Выбрать главу

— Все, — печально и торжественно произнес он. — Час Договора наступил. Я сделал все, что сумел, теперь дело за тобой, Юрик.

При этих словах правая рука его грациозно поднялась, и посох опустился на шею Оленева с бамбуковым сухим треском.

Сверкнула искра, и Юра ощутил, что переворачивается в пространстве сразу во всех направлениях. Верх становился низом, правое — левым, наружное — внутренним. Физически явственно он почувствовал, как внутри головы перемещаются извилины мозга. Он не упал, а только прислонился к стенке и зажмурил глаза, чтобы не так мельтешили разноцветные круги и искры, вспыхивающие в хаотическом беспорядке.

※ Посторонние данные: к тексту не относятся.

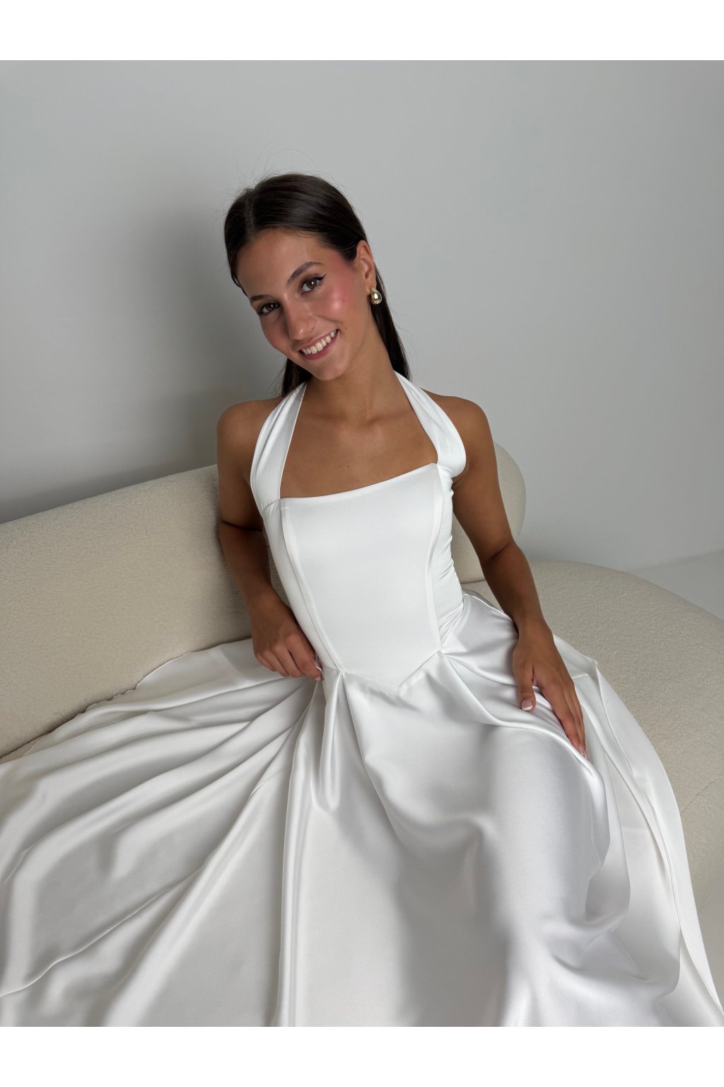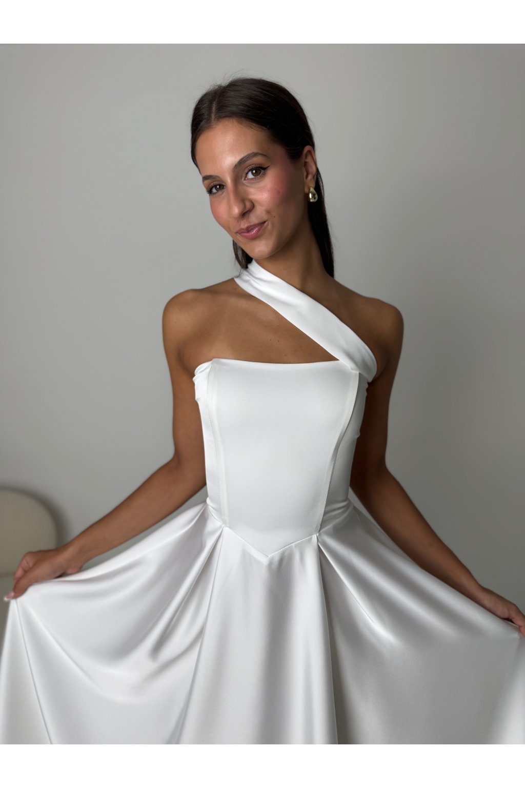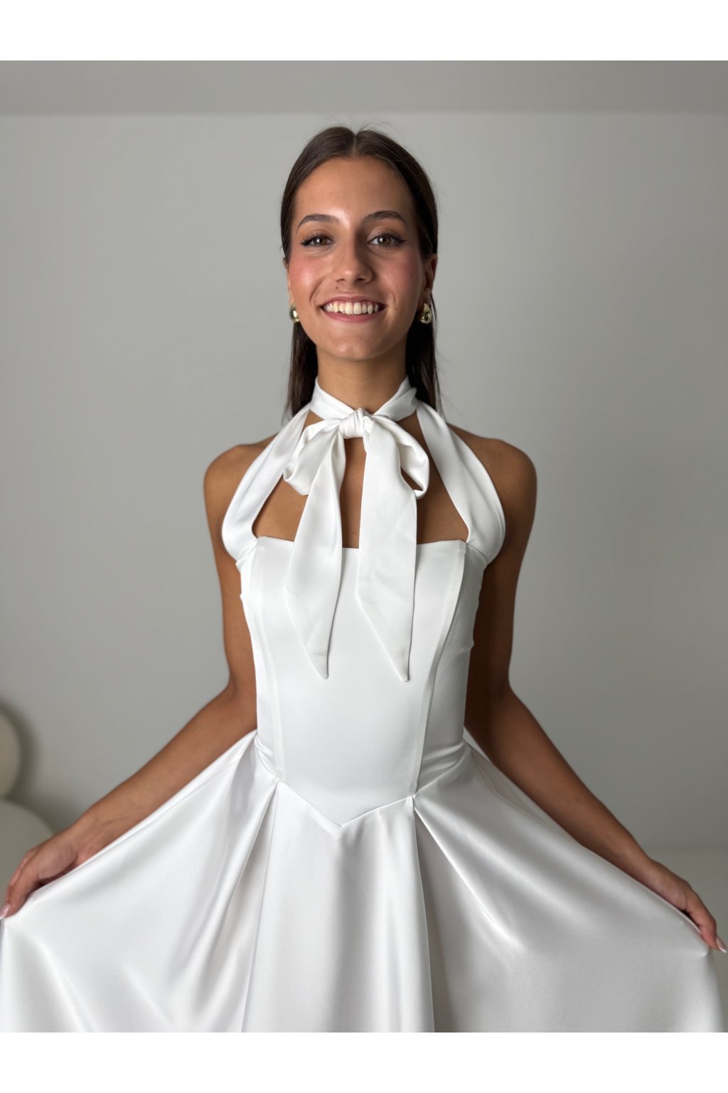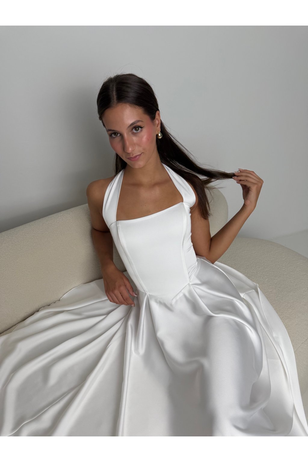 Tyto elegantní společenské šaty jsou perfektní volbou pro nevěsty jako popůlnoční šaty případně na jednoduchý svatební obřad, ať už tady nebo u moře. Na rozlučku se svobodou, na líbánky apod.

Когда он открыл глаза, то увидел, что на полу лежат полуразвязанный мешок и посох. Розовый округлый камешек валялся рядом.

— Сподобился, — сказал сам себе Юра. — Иди туда, не знаю куда, ищи то, не знаю что.

Настал Миг, Час и День Переворота.

Что-то надломилось в душе Оленева, словно сдвинулась стрелка весов, стоявшая на нуле все эти годы, и чаши стали раскачиваться, как маятник, вечно ищущий точку покоя и равновесия.

Из мешка, лежащего на полу, стали выкатываться Вещи. Они расползались по углам, затаивались, перешептывались, пересмеивались, превращались одна в другую, занимались своими таинственными делами, множились, и на их месте возникали новые, непонятно для чего предназначенные.

Квартира менялась на глазах. С треском лопнувших пузырей делились комнаты, из конца в конец протягивались бесконечные коридоры с распахнутыми дверями, потом они сворачивались, закольцовывались, становились огромными залами с паркетными полами и мраморными статуями и тут же сжимались в тесные кельи с сырыми стенами, поросшими мхом. Пространство то уплощалось до двухмерного, то, распахнувшись вширь и ввысь, разбухало до беспредельности, вклинивалось в одномерные западни и снова становилось привычным, трехмерным, давящим на Оленева низкими потолками, увешанными люстрами.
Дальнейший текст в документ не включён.